Quem mora ou está visitando São Paulo tem a oportunidade única de testemunhar parte importante dessa nossa história literária: até o dia 2 de maio, a Pinacoteca do Estado abriga a coleção Brasiliana, do Itaú.

Lá será possível ver preciosidades inimagináveis como o primeiro livro impresso no Brasil, outro com uma dedicatória de Machado de Assis para José de Alencar e primeiras edições e manuscritos de Monteiro Lobato, Drummond, Oswald de Andrade, Clarice Lispector e tantos mestres que desenharam os contornos da nossa cultura.

Para quem é escritor, visitar a exposição é prestar uma homenagem aos antepassados – e uma honra que certamente será inesquecível.

Assim sendo, programa-se e, se necessário, arrume as malas.
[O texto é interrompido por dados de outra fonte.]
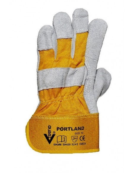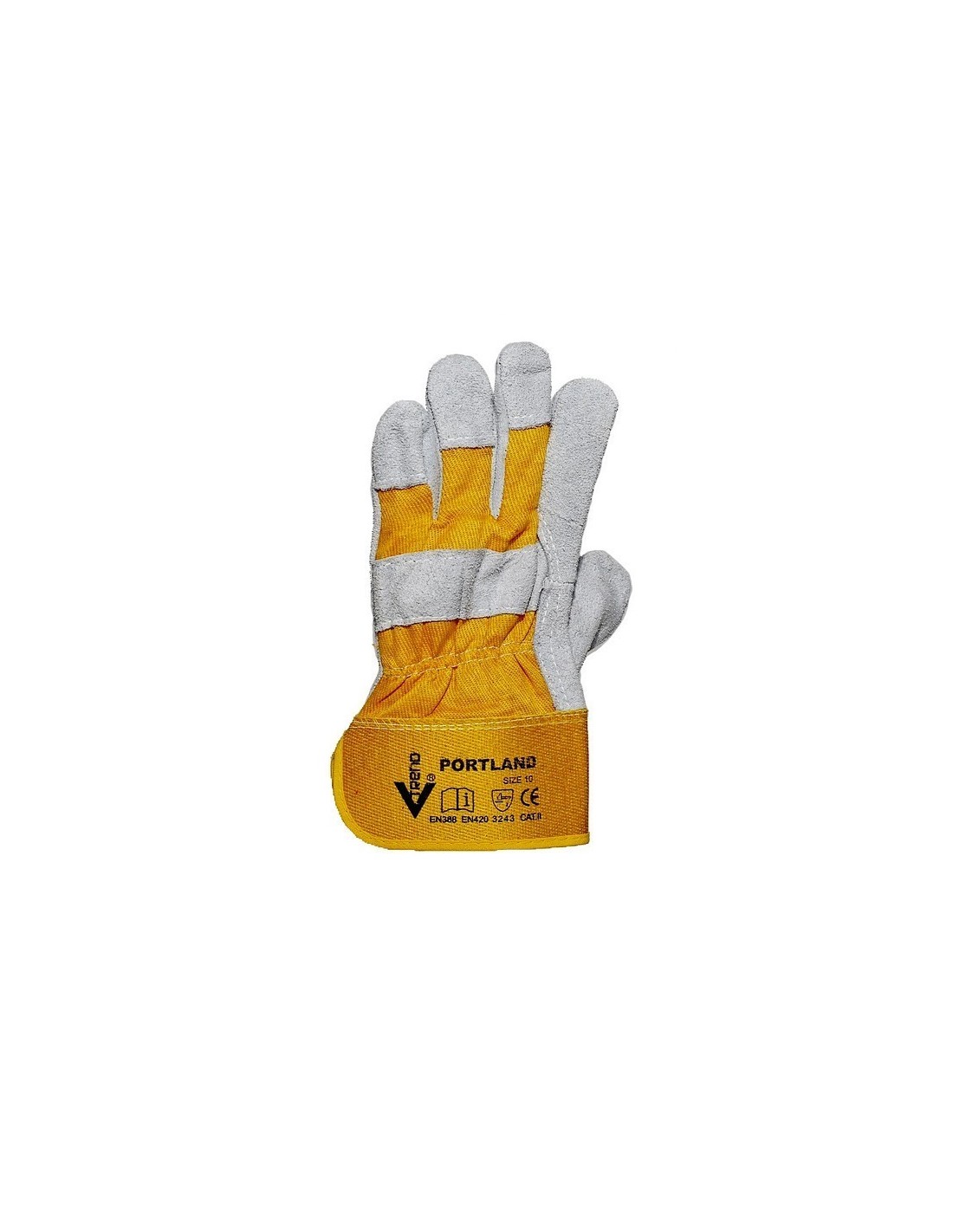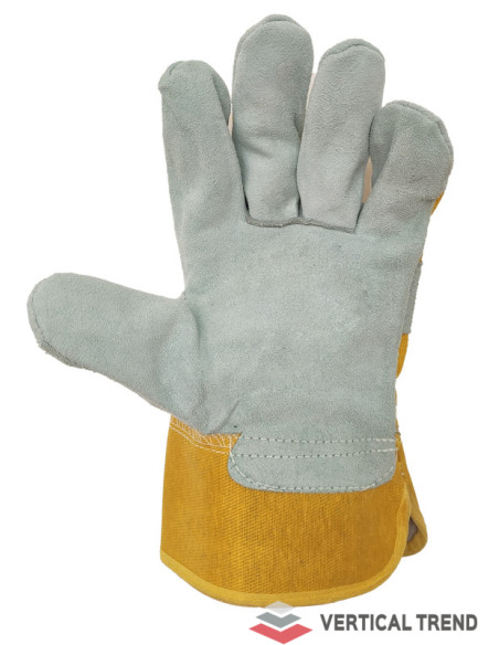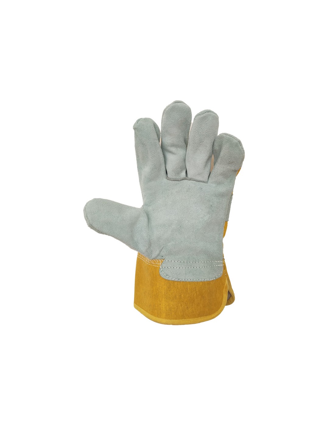 Mănuşi lăcătuş din piele şpalt bovină, manşetă cauciucată, fără cusături în palmă, dos din bumbac cu elastic pentru reglare pe mână. EN 388 (3243).
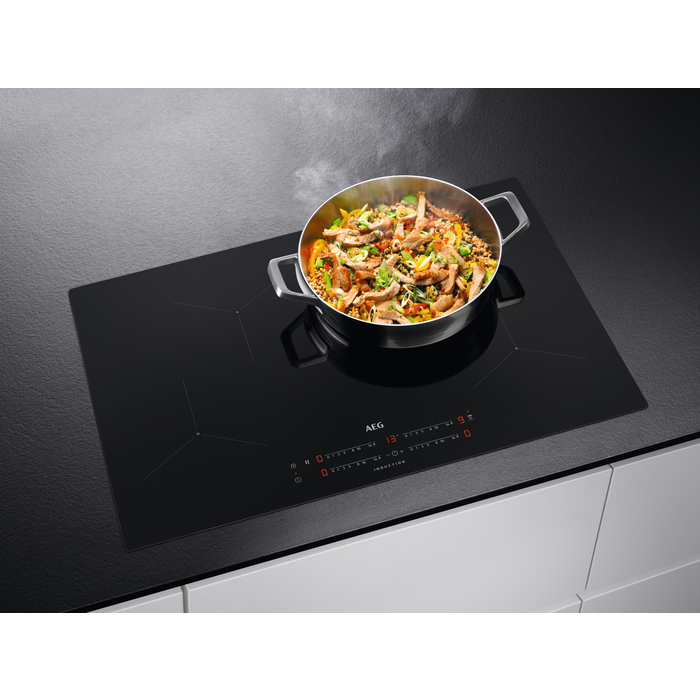 Варильна поверхня AEG IKB84431IB - це високотехнологічний кухонний прилад, виготовлений в Німеччині, який пропонує безліч функцій для забезпечення комфортного та ефективного приготування їжі. Завдяки індукційній технології ця варильна поверхня забезпечує швидке та рівномірне нагрівання посуду, що дозволяє економити час та енергію. Управління кухонним приладом здійснюється за допомогою Slider Touch, що додає зручності та сучасного вигляду. Поверхня є автономною та має чотири індукційні зони, кожна з яких має можливість регулювання на 14 рівнів, що дозволяє точно налаштувати температуру для кожної зони. Особливо варто відзначити функцію Power-Funktion, яка забезпечує швидке нагрівання кухонної зони до максимальної потужності, а також Pause-Funktion, що дозволяє тимчасово зупиняти процес готування. Для безпеки користування є функція Kindersicherung, яка унеможливлює випадкове ввімкнення плити. Також, варильна поверхня оснащена OptiHeat Control, що надає трьохрівневий індикатор залишкового тепла, а також Leistungsabhängige Abschaltautomatik, яка автоматично вимикає плиту за певних умов для забезпечення безпеки. Дизайн варильної поверхні вражає своєю елегантністю та мінімалістичним підходом, а також слім-дизайн забезпечує гранично знижену товщину, що полегшує процес встановлення. Всі ці характеристики роблять варильну поверхню AEG IKB84431IB незамінним помічником на кухні, який забезпечить комфорт та безпеку під час приготування їжі.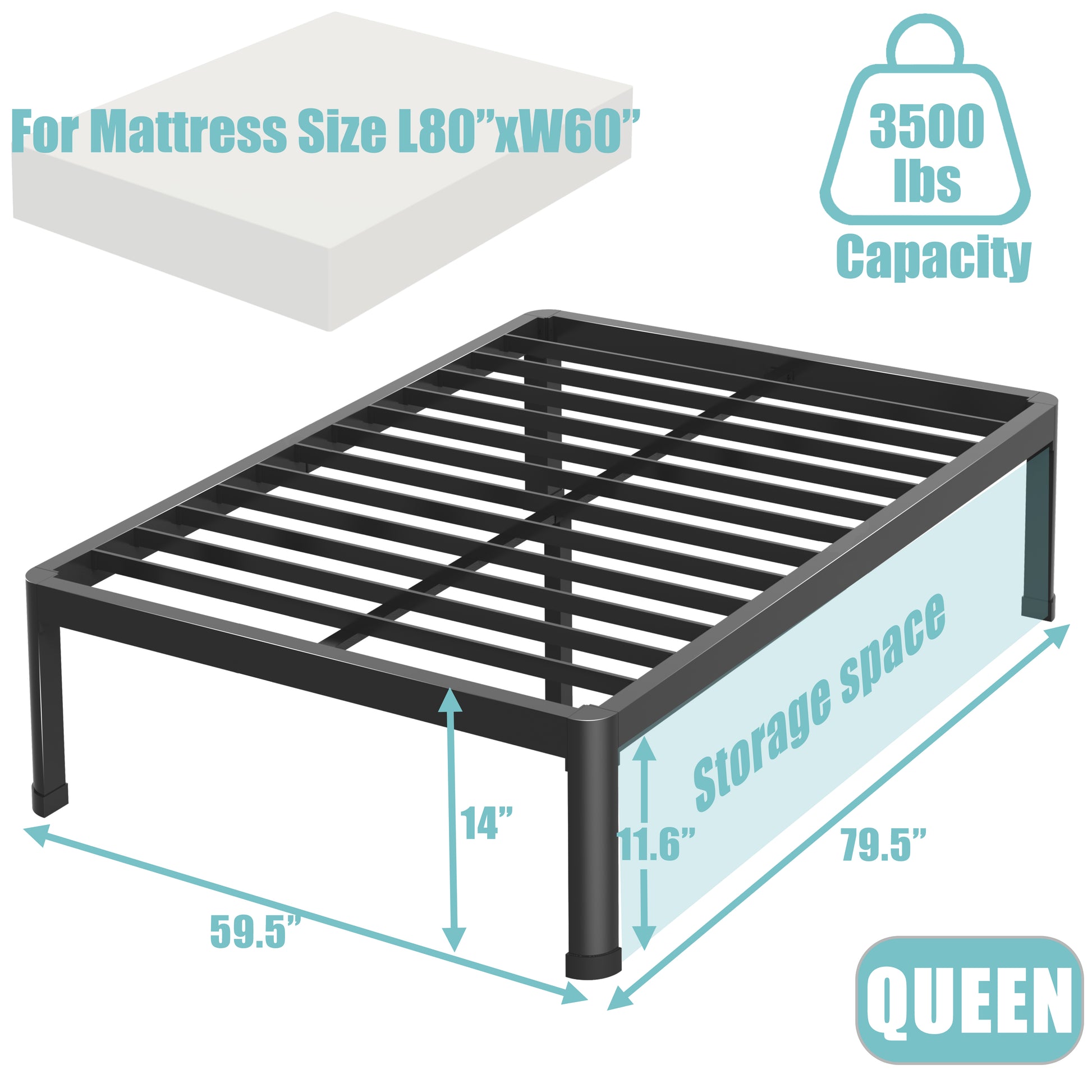 - 【Under-bed Storage】14/18-inch high black bed frame with 11.6-inch high storage space under the bed.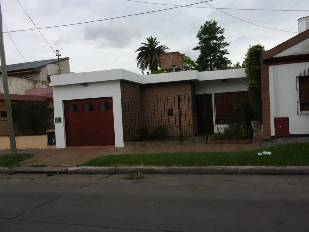 CASA DE CUATRO AMBIENTES EN UNA PLANTA CON FONDO VERDE Y QUINCHO.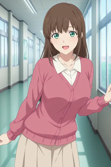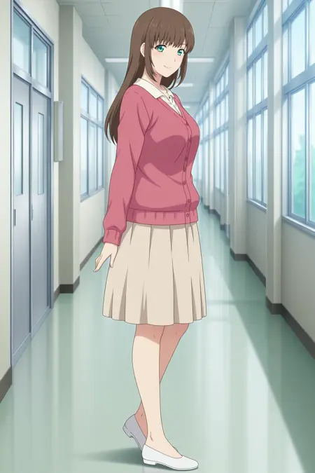 tachibana hina, 长发, 棕发, 侧发, 不齐刘海, 绿眼睛, 长袖, 粉色开衫, 白色衬衫, 有领衬衫, 不塞进裤子的衬衫, 棕色衬衫, 中长衬衫, 白色鞋子, 平底鞋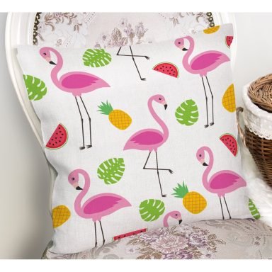 Realhomes Pembe Zeminli Flamingo Tasarımlı Dijital Baskılı Modern Yastık Kırlent Kılıfı

As primeiras letras do Brasil te aguardam na Pinacoteca.

Pinacoteca do Estado – pça. da Luz, 2, Bom Retiro, região
central, São Paulo, SP. Tel.: 0/xx/11/3324-1000. Ter. a dom.: 10h às
17h30 (c/ permanência até as 18h). Abertura 6/3. Até 02/05. Ingr.: R$ 6
(sáb.: grátis). Estac. grátis. Classificação etária: livre.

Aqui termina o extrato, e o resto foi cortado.